-- Opening Marker --

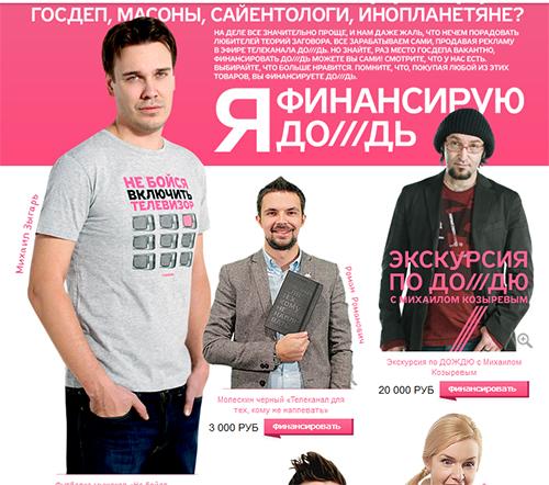 Это не первый случай,когда СМИ открывают интернет- магазин товаров,брендированных темами собственных публикаций или передач. Подобный проектсуществует на телеканале «Дождь» (признан в России иноагентом).
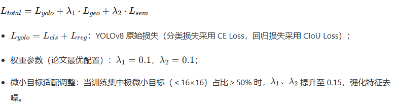 DN-FPN 的对比损失作为辅助损失,与 YOLOv8 的原始损失(分类损失Lcls+ 回归损失Lreg)加权融合,总训练损失为:
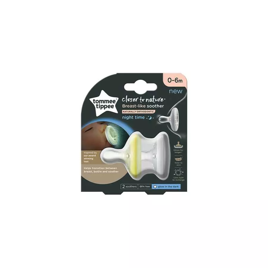 Tommee Tippee Breast Like Night Soother هي لهاية ليلية مصممة للأطفال من عمر 0 إلى 6 أشهر، تم تطويرها خصيصًا لتسهيل الانتقال الطبيعي بين الرضاعة الطبيعية والرضاعة بالزجاجة واللهاية. بالإضافة إلى ذلك، تتميز بتصميم يحاكي شكل الثدي، مما يمنح الطفل إحساسًا مألوفًا ومريحًا يساعد على التهدئة والقبول السريع، خاصة أثناء الليل.

-- Closing Marker --

Instructions to follow >>
Please write out the whole listing exactly, but not the pictures in it.

Answer box >>
 Это не первый случай,когда СМИ открывают интернет- магазин товаров,брендированных темами собственных публикаций или передач. Подобный проектсуществует на телеканале «Дождь» (признан в России иноагентом).
 DN-FPN 的对比损失作为辅助损失,与 YOLOv8 的原始损失(分类损失Lcls+ 回归损失Lreg)加权融合,总训练损失为:
 Tommee Tippee Breast Like Night Soother هي لهاية ليلية مصممة للأطفال من عمر 0 إلى 6 أشهر، تم تطويرها خصيصًا لتسهيل الانتقال الطبيعي بين الرضاعة الطبيعية والرضاعة بالزجاجة واللهاية. بالإضافة إلى ذلك، تتميز بتصميم يحاكي شكل الثدي، مما يمنح الطفل إحساسًا مألوفًا ومريحًا يساعد على التهدئة والقبول السريع، خاصة أثناء الليل.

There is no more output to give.